Утро светлое, на почерневших, почти голых лозинках, на их сучьях и редкой пожухлой листве – блестки растаявшего мороза. На мужицких гумнах золотом горят свежие скирды, стаями перелетают сытые голуби, давая чувство счастливой осени, покоя, довольства, – это правда: «облопались». Вдали, у нас, в сизо-туманном утреннем саду, мягко, неизъяснимо прекрасно краснеют клены.
II
После ужина пошел по деревне. Темно, ночь бодрая, холодная.
Пройдя деревню, увидал с косогора огоньки внизу, на водяной мельнице у Петра Архипова. Пошел туда.
Спустившись, подошел к открытым воротам мельничного сруба: там внутри все шумит и дрожит – мельница работает. Возле жерновов стоит и тускло светит в мучнистом воздухе запыленный мукой фонарь, а вверху сруба – он без потолка – и кругом, в углах, – мрачный сумрак. Пахнет тоже мукой, сыровато, хлебно.

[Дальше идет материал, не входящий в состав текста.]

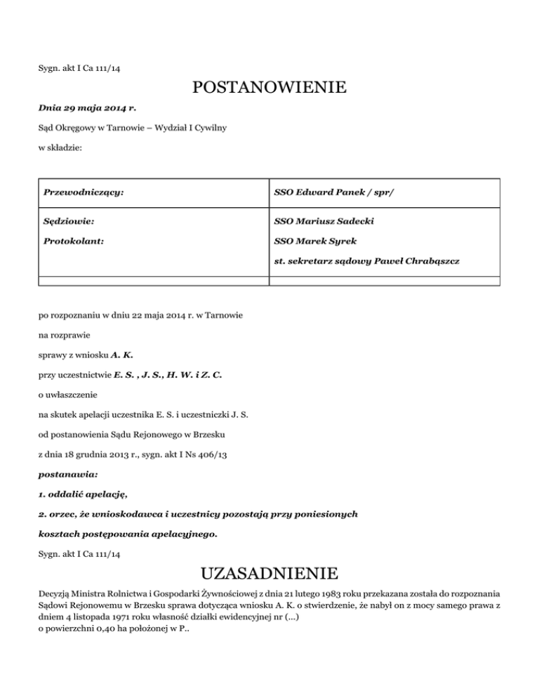 Sygn. akt I Ca 111/14 POSTANOWIENIE Dnia 29 maja 2014 r. Sąd Okręgowy w Tarnowie – Wydział I Cywilny w składzie: Przewodniczący: SSO Edward Panek / spr/ Sędziowie: SSO Mariusz Sadecki Protokolant: SSO Marek Syrek st. sekretarz sądowy Paweł Chrabąszcz po rozpoznaniu w dniu 22 maja 2014 r. w Tarnowie na rozprawie sprawy z wniosku A. K. przy uczestnictwie E. S. , J. S., H. W. i Z. C. o uwłaszczenie na skutek apelacji uczestnika E. S. i uczestniczki J. S. od postanowienia Sądu Rejonowego w Brzesku z dnia 18 grudnia 2013 r., sygn. akt I Ns 406/13 postanawia: 1. oddalić apelację, 2. orzec, że wnioskodawca i uczestnicy pozostają przy poniesionych kosztach postępowania apelacyjnego. Sygn. akt I Ca 111/14 UZASADNIENIE Decyzją Ministra Rolnictwa i Gospodarki Żywnościowej z dnia 21 lutego 1983 roku przekazana została do rozpoznania Sądowi Rejonowemu w Brzesku sprawa dotycząca wniosku A. K. o stwierdzenie, że nabył on z mocy samego prawa z dniem 4 listopada 1971 roku własność działki ewidencyjnej nr (...) o powierzchni 0,40 ha położonej w P.. Wnioskodawca A. K. przedmiotowy wniosek ostatecznie podtrzymał w postępowaniu sądowym i zaprzeczył jakoby uczestnicy E. i J. S. byli samoistnymi posiadaczami wymienionej działki na datę istotną do nabycia prawa własności nieruchomości w trybie ustawy z dnia 26 października 1971 roku . Uczestnicy : E. S. i J. S. - działający także jako pełnomocnicy Z. C. - wnieśli o oddalenie przedmiotowego wniosku oraz o stwierdzenie , że to oni z dniem 4 listopada 1971 roku – z mocy samego prawa - nabyli na prawach małżeńskiej wspólności ustawowej własność działki ewidencyjnej nr (...) o powierzchni 0,40 ha w P.. Na uzasadnienie swojego stanowiska uczestnicy podali , iż w dniu 4 listopada 1971 roku władali przedmiotową działką jak właściciele . Pod koniec lat sześćdziesiątych ubiegłego stulecia darowali im bowiem przedmiotową działkę W. i. R. C., nie zachowując wówczas prawem przewidzianej formy dla dokonania czynności. Następnie darowizna ta została potwierdzona aktem notarialnym z dnia 12 maja 1978 roku . Na rozprawie w dniu 6 listopada 2013 roku uczestniczka H. W. poparła wniosek A. K.. Sąd Rejonowy w Brzesku postanowieniem z dnia 18 grudnia 2013 roku ( sygn. akt I Ns 406/13 ) - w punkcie I – stwierdził, że A. K. s. M. i K. nabył z mocy samego prawa z dniem 4 listopada 1971 roku własność działki ewidencyjnej nr (...) w P. o powierzchni 0,40 ha , która powstała z parcel gruntowych : (...)objętych w przeszłości Lwh (...) P., a obecnie objętej KW (...). W punkcie II Sąd Rejonowy orzekł, że wnioskodawca i uczestnicy ponoszą koszty postępowania związane ze swym udziałem w sprawie. Rozstrzygnięcie Sądu Rejonowego poprzedziły następujące ustalenia faktyczne: Działka ewidencyjna nr (...) w P. o powierzchni 0,40 ha powstała z parcel gruntowych : (...)objętych zaginionym Lwh (...) P.. Działka zabudowana jest budynkiem mieszkalnym i gospodarczym od strony drogi, a w pozostałej części użytkowana jest jako grunt rolny. W. C. nie budował tego domu sam, lecz wspólnie z A. K. i jego żoną. Ten dom był budowany za pieniądze, które przysłała rodzina z USA, a przede wszystkim M. L.. Wtedy kiedy ten dom był budowany było wiadomym, że W. C. pojedzie do USA. Dom został wybudowany w surowym stanie w 1959 roku . Przed wybudowaniem domu ta działka była gruntem rolnym w użytkowaniu A. K. od 1947 roku , kiedy to ożenił się z żoną S. K.. Przedmiotowa działka w przeszłości należała do ojca S. K. - F. C.. Pozostałe rodzeństwo S. K. zgodziło się , aby działkę użytkował wnioskodawca i jego żona. Od 1947 roku A. K. uważał się za właściciela tej działki. W. C. uzgodnił z A. K. , że ten dom będzie budowany właśnie na działce, którą on użytkował. W. C. wyjechał do USA w 1961 roku. Przed wyjazdem W. C. mieszkał w tym domu około pół roku. A. K. uzgodnił z W. C., że jak on pojedzie do USA, to ten dom będzie dla niego i jego żony. Wyjeżdżając do USA klucze do domu pozostawił A. K.. W momencie wyjazdu tylko jeden pokój nadawał się do zamieszkania. Przez okres około pół roku dom stał pusty, później wnioskodawca zaczął go używać, mieszkał w nim sporadycznie. Mieszkały tam również jego dzieci. Na stałe w tym domu zamieszkała córka H. W.. Przed H. W. mieszkała tam jeszcze siostra wnioskodawcy - S. K. , około pół roku wcześniej, tj. od 1974 roku do jej śmierci w 1998 roku . Wnioskodawca dał siostrze S. klucze do tego domu. Wnioskodawca uważał się za właściciela tej działki od 1947 roku do momentu przekazania tej działki córce H. W.. Żona wnioskodawcy zmarła w 1959 roku . Część tej działki poza budynkiem była wykorzystywana rolniczo. Wnioskodawca decydował o sposobie jej uprawy i opłacał podatek od tej działki. Gdy W. C. budował dom , to wnioskodawca mu pomagał, woził żwir, dawał również pieniądze. F. C. zmarł w dniu 19 sierpnia 1945 roku , a spadek po nim nabyły dzieci: M. L., Z. B., R. C., J. C., S. C. (1), S. C. (2), W. C. - wszyscy po 1/7 części. W. C. zmarł w dniu 30 grudnia 1974 roku . Posiadał on polskie obywatelstwo. Aktem notarialnym z dnia 12 maja 1979 roku sporządzonym w USA R. C., G. K. i Z. C. darowali E. S. i J. S. parcele gruntowe : (...)w P.. Powyższy stan faktyczny Sąd Rejonowy ustalił na podstawie dokumentów, zeznań świadków i stron. Dokonując oceny jurydycznej żądania Sąd Rejonowy wskazał, iż zgodnie z art. 1 ust.1 ustawy z dnia 26 października 1971 roku o uregulowaniu własności gospodarstw rolnych , nieruchomości wchodzące w skład gospodarstw rolnych znajdujące się w dniu wejścia w życie ustawy, tj. w dniu 4 listopada 1971 roku w samoistnym posiadaniu rolników stają się z mocy samego prawa własnością rolników, jeżeli oni sami lub ich poprzednicy objęli te nieruchomości w posiadanie na podstawie zawartej bez prawem przewidzianej form

Петр Архипов сидит возле фонаря, похож на Толстого. Большая, побелевшая от муки борода, побелевший полушубок; картуз, совсем белый, надвинут на брови. Глаза острые, серьезные.
Против него, на обрубке пня, сидит какой-то кудрявый мужик, незнакомый мне. Уперся локтями в колени, курит и смотрит в землю.
Поздоровавшись, присел и я себе.
– А мы вот о войне говорили, – сказал сквозь шум мельницы Петр Архипов. – Вот он ничему не верит, никакой нашей победы не чает.
Мужик поднял голову и ядовито усмехнулся.
– А как ты сам-то, Петр Архипыч? Тоже не чаешь?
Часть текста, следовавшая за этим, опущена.